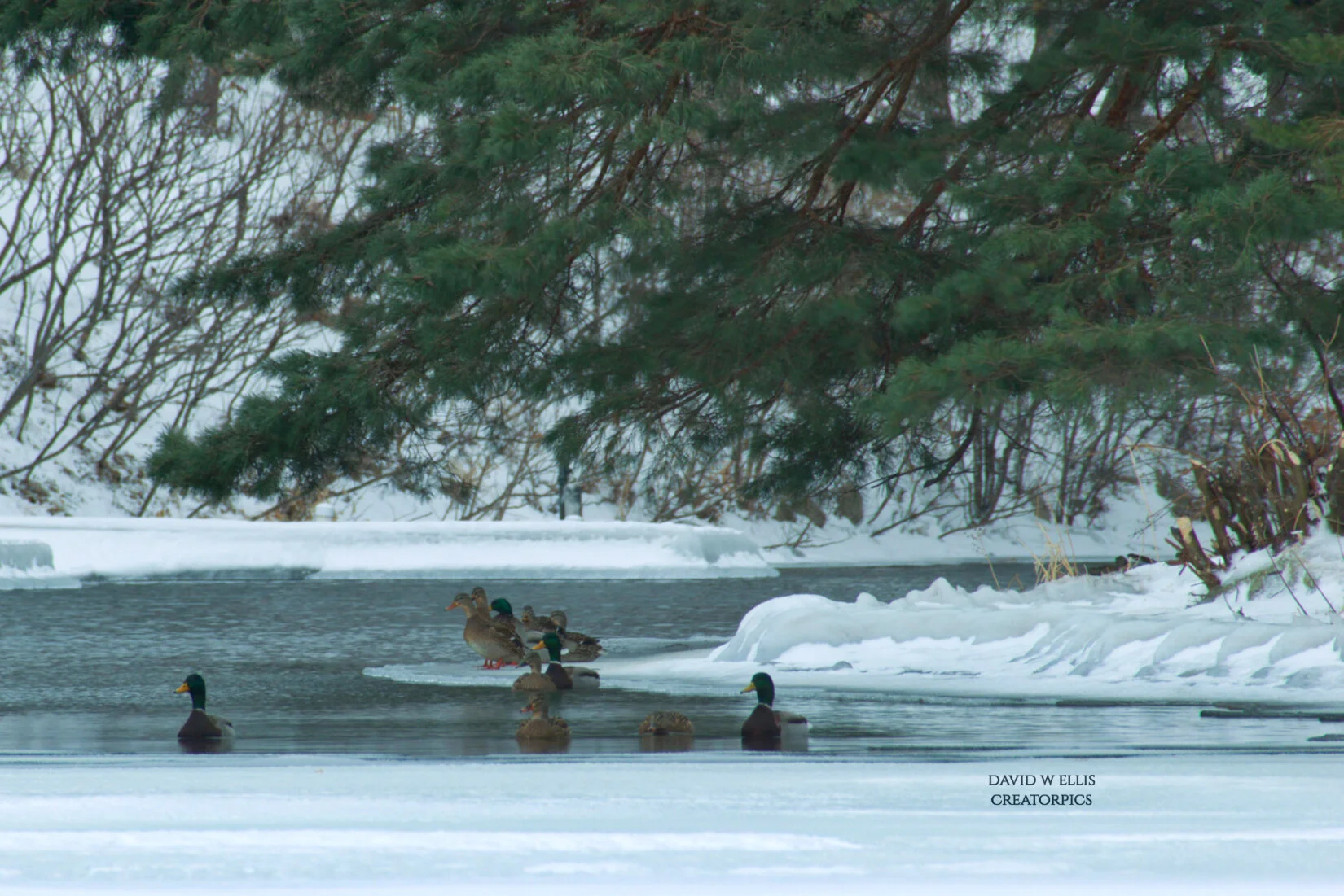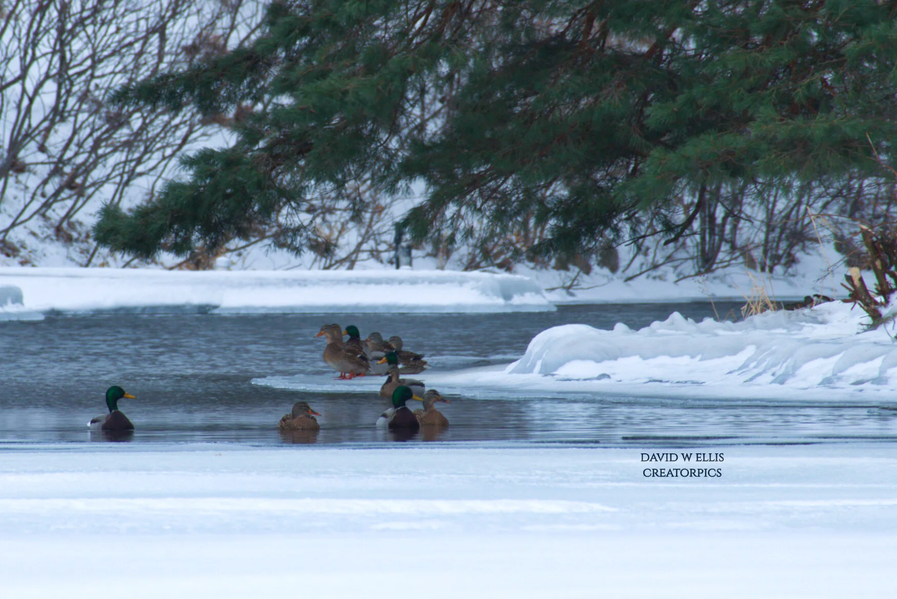 I used a telephoto lens. The ice where I took the photo is 12 inches thick…very safe ice. But obviously, not safe where the mallards swim!
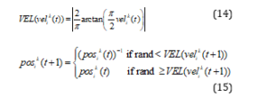 where α and γ are predefined constants. The search principal in BA, is once a micro-bat has found the prey’s location, the loudness will be decreased while the pulse rate will be increased. However, The Bat Algorithm is designed, at the origin, to search in a continuous space of solutions. The algorithm, in its original version is not applicable when the set of solutions is discrete, because during an optimization in a binary search space, by treating only values 0 and 1, the Eq. (9) is no longer valid to update the position of the microbats. To encounter this obstacle, authors in [8, 14] proposed a new solution: the idea is to use a transfer function with the aim of updating the position of micro-bats with the probability of their velocities. In practice the transfer function has the role of mapping velocity values to probability values. In other words, the transfer functions are used to move the microbats in a binary space instead of a discrete space. The most important factor for designing this function is to force micro-bats with high velocities to switch their positions. To do this, a transfer function, called v-shaped function, and position updating rule are proposed in [8,10], and described in Equations (14) and (15) as follows:
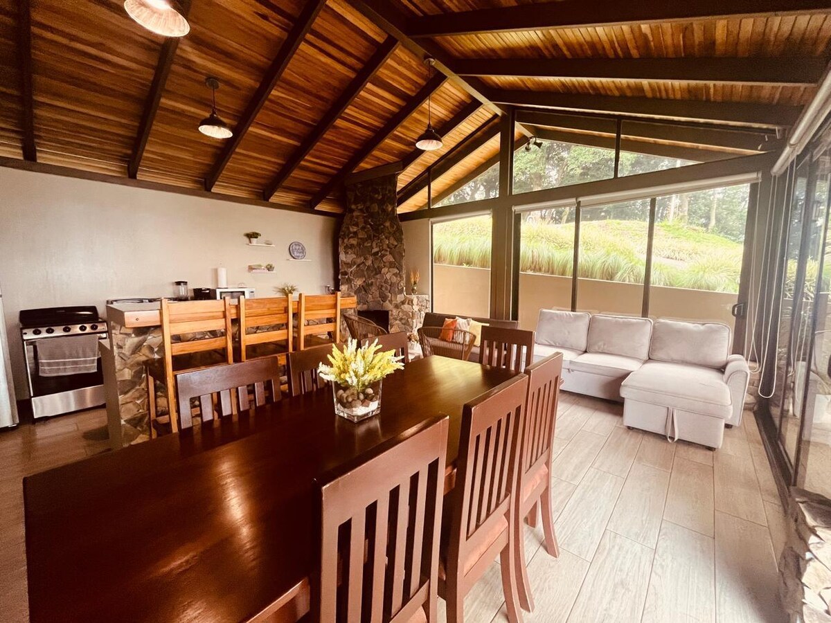 Profitez et détendez-vous dans cette maison de montagne calme et élégante. Vue spectaculaire sur la vallée centrale de San José, le volcan Poás et Barva, le tout en plein cœur d'une ferme de 200 acres. Peut accueillir jusqu'à 10 personnes, parfait pour les familles et les petits groupes. Entièrement équipé avec cuisine de chef, sauna finlandais, cheminée, foyer et barbecue. Plus de 20 acres de réserve forestière et plus de 10 000 de routes et de sentiers pour profiter de promenades calmes et paisibles en pleine nature.
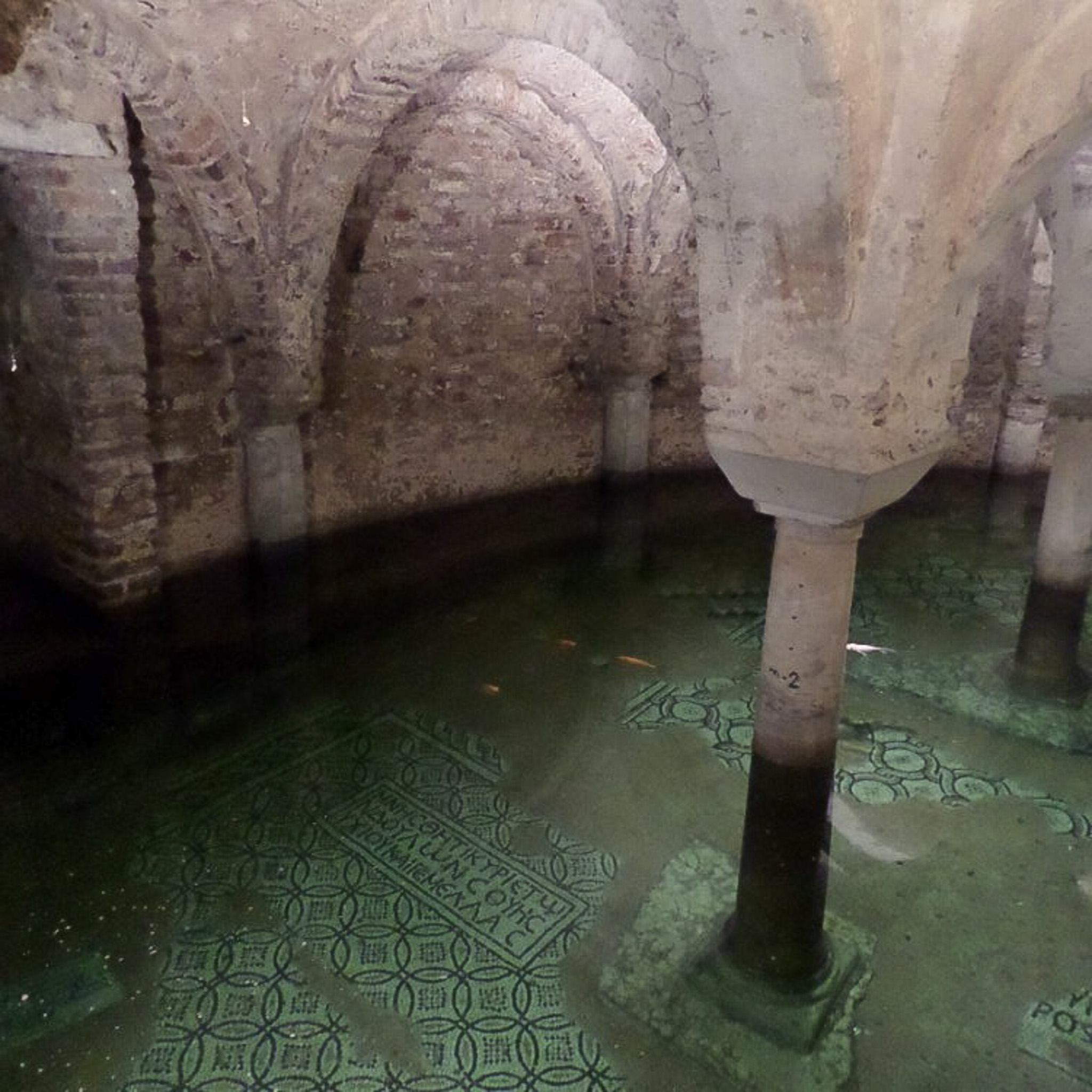 A view of the underground crypt at the church of San Francesco, a major church in Ravenna, Italy. The current building and bell tower were constructed in the 10th century and were rededicated to St. Francis of Assisi in 1261. The church is famous as the site of Dante Alighieri's funeral in 1321. The underground crypt is what remains of the medieval basilica. The marks of past floods are evident in the photo.
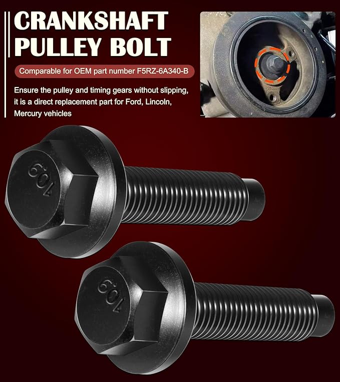 - 【Engine Crankshaft Pulley Bolt】Comparable to OEM part number F5RZ-6A340-B both in quality and functions, specially designed to firmly secure the pulley and timing gears without slipping, allows you safely and correctly replace the timing chain and phaser without breaking or rattling. Direct replacement part for Ford, Lincoln and Mercury vehicles, effectively upgrade and improve your engine performance.
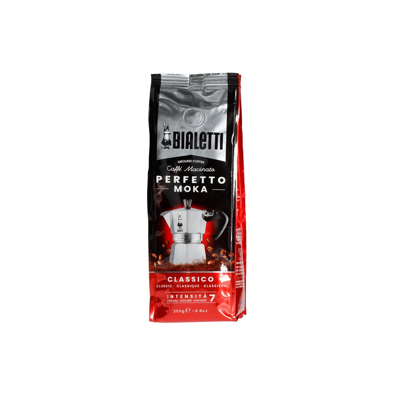 Bialetti Perfetto Moka Classico - итальянский молотый кофе темной обжарки. Насыщенный, с подчеркнутыми нотами сухофруктов и цветов. Из-за размера помола рекомендуется для приготовления мока. Правильная крупность приводит к хорошему течению воды, желаемой экстракции и, наконец, ожидаемому вкусу.
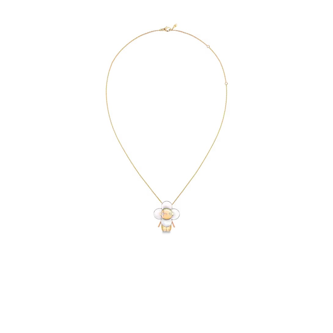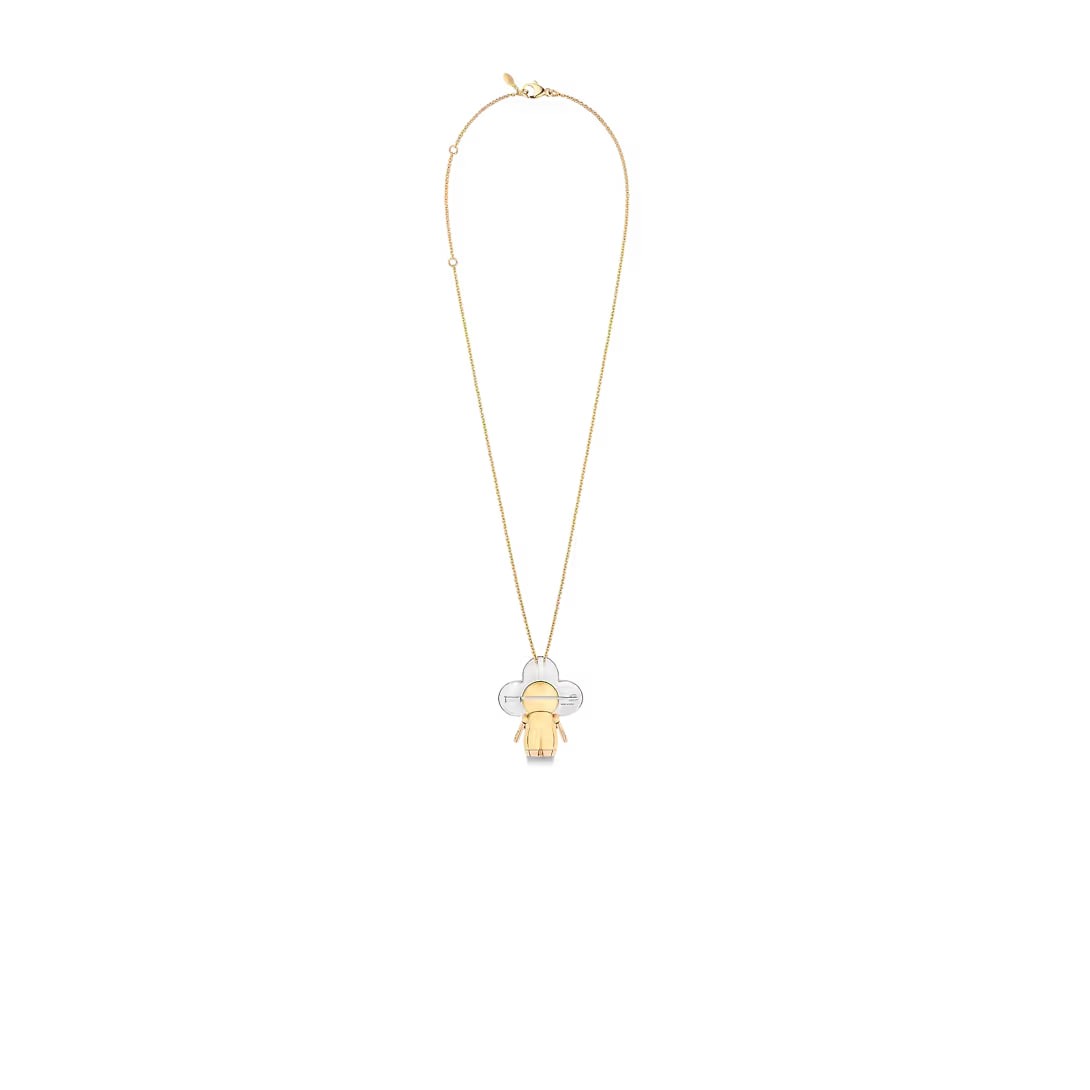 Vivienne, the Louis Vuitton mascot, is transformed into 18K gold jewelry, lighting up the world's eyes with dazzling diamonds, one of which is embellished with Monogram flowers. Can be worn as a necklace or brooch, or displayed as a work of art.

---*---

■ **ABOUT THIS TASK**
Your answer should consist solely of the lines from the one holding "Bialetti Perfetto Moka" through the end of the listing, reproduced exactly and without pictures.

■ **EXERCISE ANSWER**
 Bialetti Perfetto Moka Classico - итальянский молотый кофе темной обжарки. Насыщенный, с подчеркнутыми нотами сухофруктов и цветов. Из-за размера помола рекомендуется для приготовления мока. Правильная крупность приводит к хорошему течению воды, желаемой экстракции и, наконец, ожидаемому вкусу.
 Vivienne, the Louis Vuitton mascot, is transformed into 18K gold jewelry, lighting up the world's eyes with dazzling diamonds, one of which is embellished with Monogram flowers. Can be worn as a necklace or brooch, or displayed as a work of art.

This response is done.